11. Finally, a big area to design for is knowledge and system updates at both layers of the system – How do we discover new knowledge and adapt? How is relevance determined? How does the agent know that adapting to new knowledge will not mess it up? (like a bacterial invasion into a human body – can it do self-recovery?) How can the systems layer be modified incrementally to assimilate new technology and subsystems – without loss in performance or a full redo?
Most online discussions on agent system conflate the design decisions in these two layers leading to much unwanted confusion. In a wide variety of agent systems, most of the decisions in both layers are made by software engineers. They are pre-configured and cannot be changed at runtime by the agent. The “level” of autonomy is highly variable. Measuring Autonomy needs a performance metric. This is yet to be defined in the community. As things stand, one can safely say – current agentic systems are at the lower end of the metric scale. The design space for building agentic systems is rather large with different design choices leading to differing operational performance. A simple analogy is to look at Mother Nature and the number of “living” species across the environmental spectrum – niche, common, diverse, specialized entities at scale.

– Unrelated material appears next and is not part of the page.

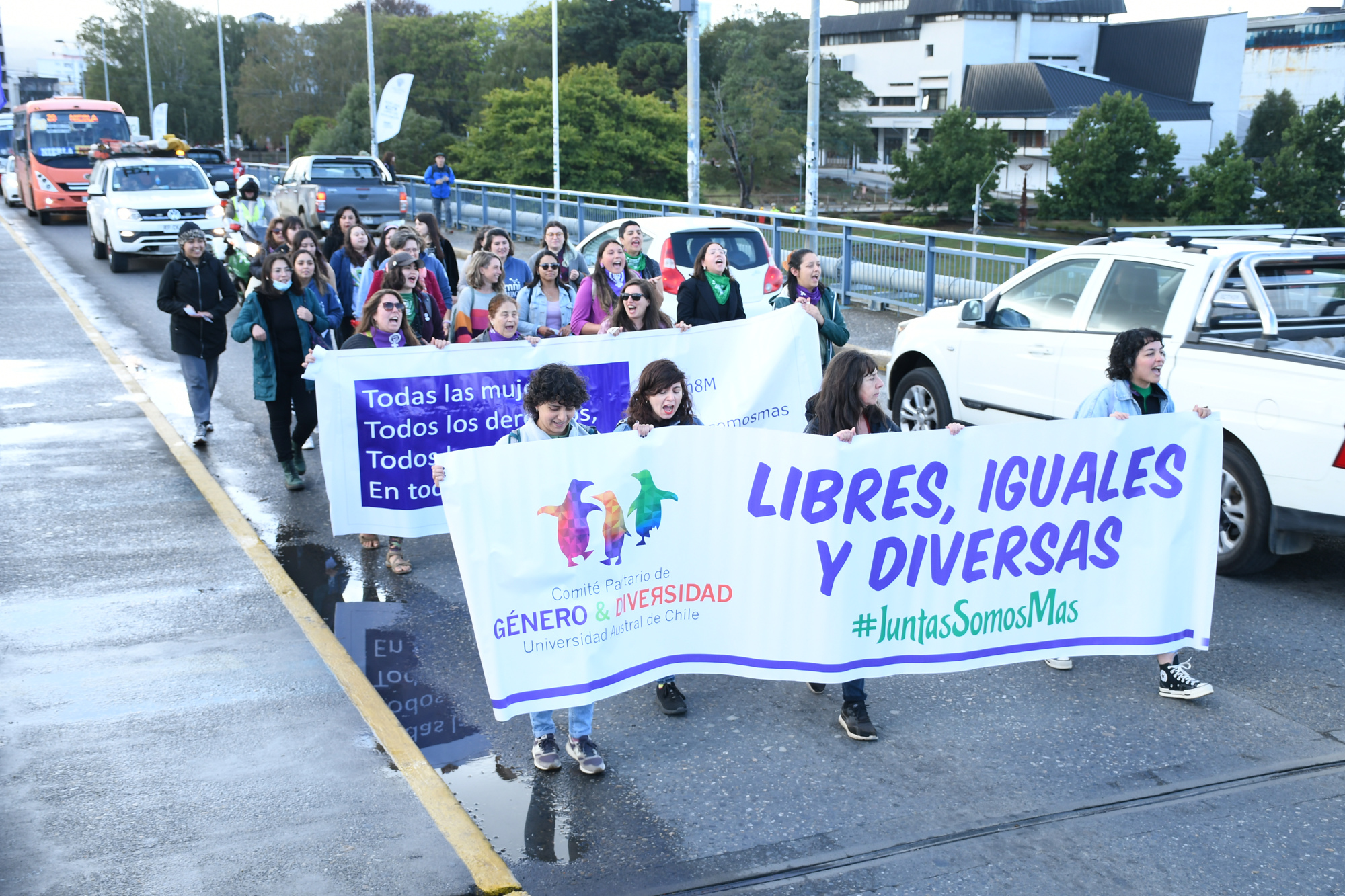 Así, en Valdivia el Comité Triestamental de Género y Diversidad de la casa de estudios convocó a las mujeres de la comunidad universitaria para marchar este viernes 8 de marzo desde el Centro de Extensión Los Canelos –ubicado en Yerbas Buenas con General Lagos– hacia el centro de la ciudad para luego dirigirse al acceso al Jardín Botánico en el Campus Isla Teja. En ese lugar se llevó a cabo un acto de cierre desde las 11.30 hrs.

Coordination of “agents” at a simpler level of abstraction ihas been demonstrated in workflow systems that have been built over the past couple of days. Collaboration systems have been demonstrated in modern group systems tools such as meeting tools, doc editing tools, sharing and messaging systems etc. Current agentic orchestration platforms are at the same level of capability – albeit using a different toolset. From a knowledge modeling perspective – it is slowly being realized that connectionist learning has its own limitations. Activating “years” of human learning in an autonomous system in any given domain may require integration with human-centric symbolic systems (Token “xyz” makes no sense – different LLMs need their own embeddings so they cannot even communicate amongst themselves! We need some intermediary language to solve for agent babel like “PNG” – portable network graphics format) Current systems without humans in the loop are “symbol-weak”. Overall, the engineering maturity to build and deploy agentic systems is still developing. Overall development and production costs are rather high in contrast to a human-only system in many tasks! These autonomous systems are also extremely complex to maintain and carry large societal costs though they promise numerous economic benefits which may take a while to realize. We do not know all the side effects nor can imagine all the cons of building and deploying such systems at scale. The road ahead looks interesting with its own perils and promises!
Concluding Remarks
There is no free lunch. Agentic systems made up of LLM-driven agents is a logical step in our collective effort to build autonomous systems. As this essay highlights, many core problems that were identified in the past still remain to be solved in a principled manner. Terminologies are still very fluid. Issues in distributed systems development and how to “organize” and engineer intelligence is still an open problem. Many of these are being re-discovered again by a newer generation of builders. We believe revisiting a bit of history and how these issues were addressed or dealt with may be beneficial for building modern Agentic systems. Imagining Agentic AI systems is easy – inspired by how a collection of humans would solve any given problem – Realizing that collective in terms of modern technology is a tall order!